Harry Marks on ‘good enough’ isn’t good enough:

Google’s philosophy: “How much stuff can we cram into this thing that works well enough?”

Apple’s philosophy: “We can’t do everything, but what features can we perfect so they’re easy and fun to use?”

Apple’s far from perfect, and it has some seriously questionable desktop UI ideas in the upcoming version of Mac OS X (including an absolutely hideous new ‘skin’ for iCal), but it often works hard to get the details right.

Justin Williams on trading an iPad for a Xoom:

Honeycomb as an OS supports rotating the device into both portrait and landscape, but rotation is not nearly as fluid and instantaneous as on iOS. In fact, it is so slow I often wonder if the device has registered that I changed the device’s orientation.
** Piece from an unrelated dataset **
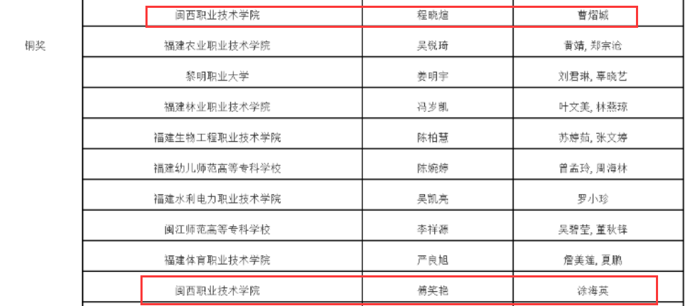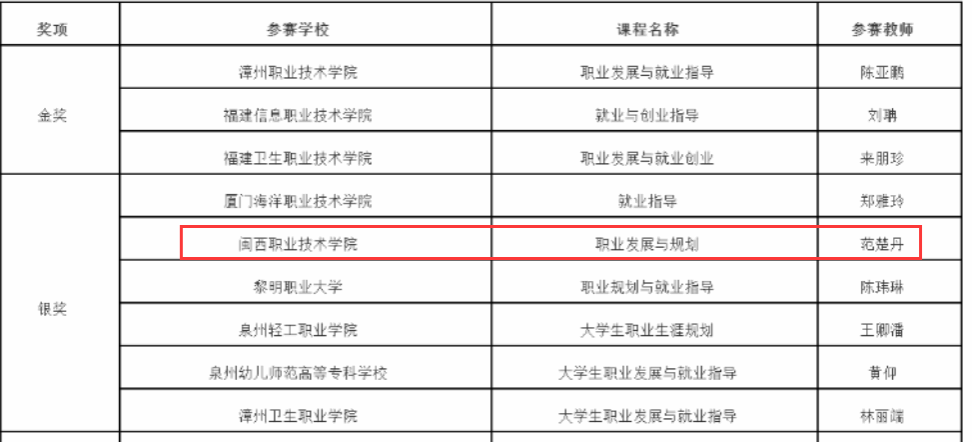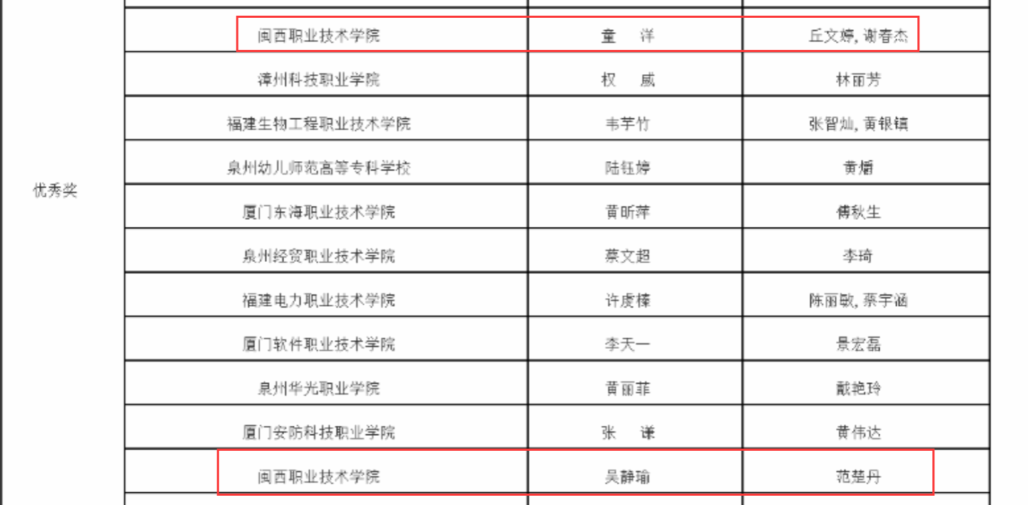 我校范楚丹老师荣获教学赛道职教组银奖;程晓煊同学(指导老师:曹熠城)、傅笑艳同学(指导老师:涂海英)两位同学作品获得就业赛职教组道铜奖;童洋同学(指导老师:丘文婷、谢春杰)、吴静瑜同学(指导老师:范楚丹)两位同学作品获得成长赛道职教组优秀奖。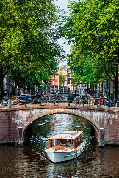 Вид на Амстердам - канал с лодкой, мостом и старыми домами

After several days, I ended up just setting a preference to disable rotation on the device and have it stay in landscape permanently.

When Apple dropped the rotation lock from the iPad, I was annoyed, but only because I wanted the option to periodically lock it. However, to think of a device almost forcing me to lock its orientation because of poor performance is just crazy.
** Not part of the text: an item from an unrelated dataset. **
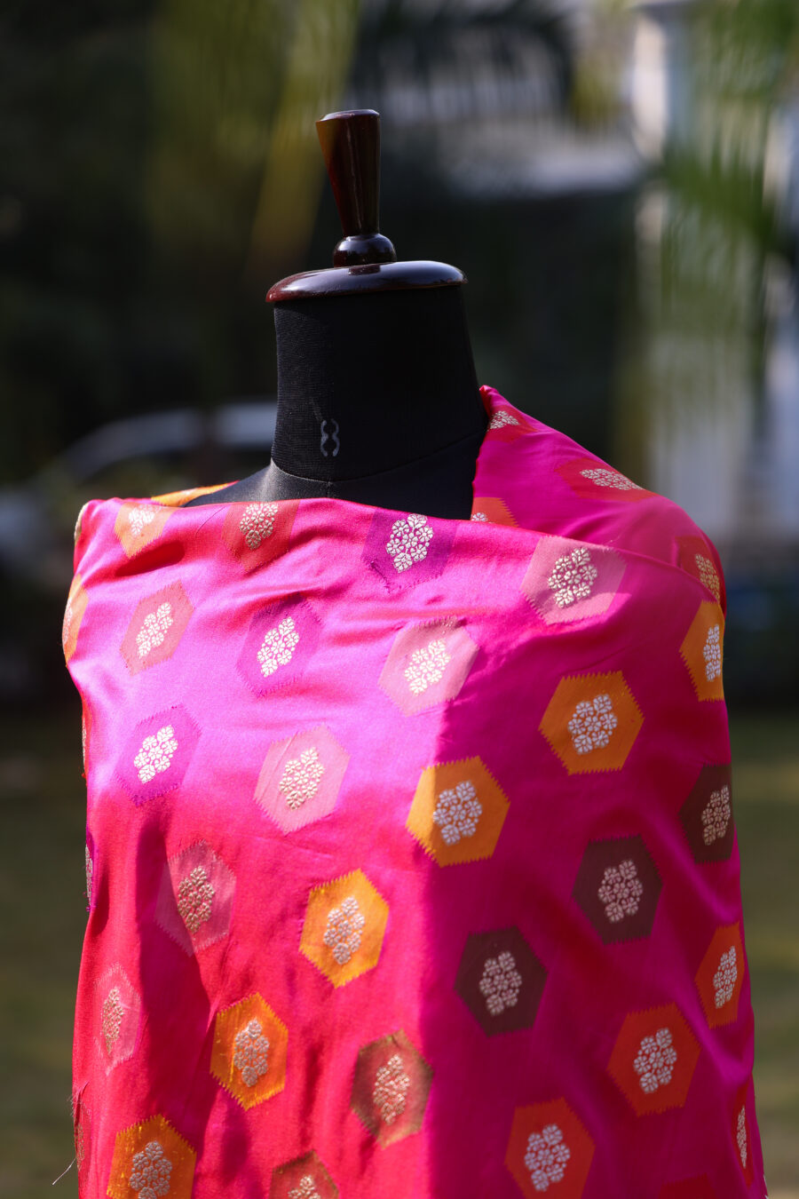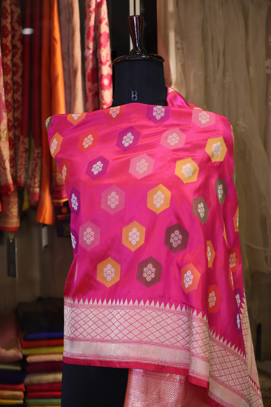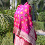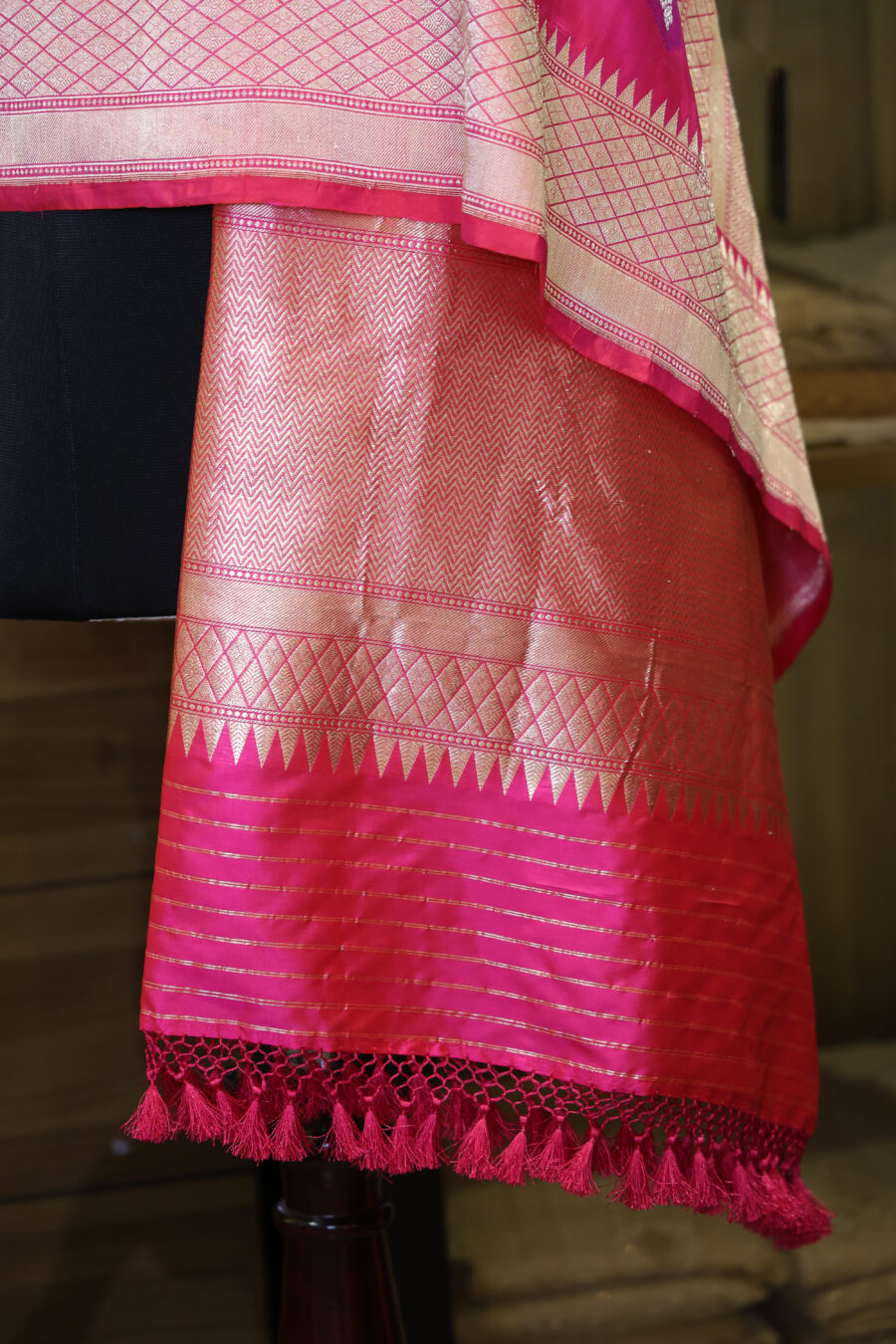 This exquisite Rani Pink Katan silk dupatta from our Rangkat collection is a celebration of masterful craftsmanship, woven using the intricate Kadhiyal Rangkat technique. The surface is adorned with delicate tilfi-meenakari floral motifs in soft hues of pink, yellow, and orange, arranged in a richly detailed multicoloured chowki pattern.

Mind you, it remains to be seen whether ‘good enough’ will do regarding tablets. It certainly has when it comes to PCs, but less so with smartphones—many users seemingly demand a good experience now. I hope that this will be the case in the tablet space, not so Apple can beat Google, but so Google will strive to better the experience and so challenge Apple to keep bettering its products too. The worst-case scenario is when ‘good enough’ wins the day and companies continue shovelling out third-rate crap, enabling everyone—including the field’s leaders— to become complacent and lazy.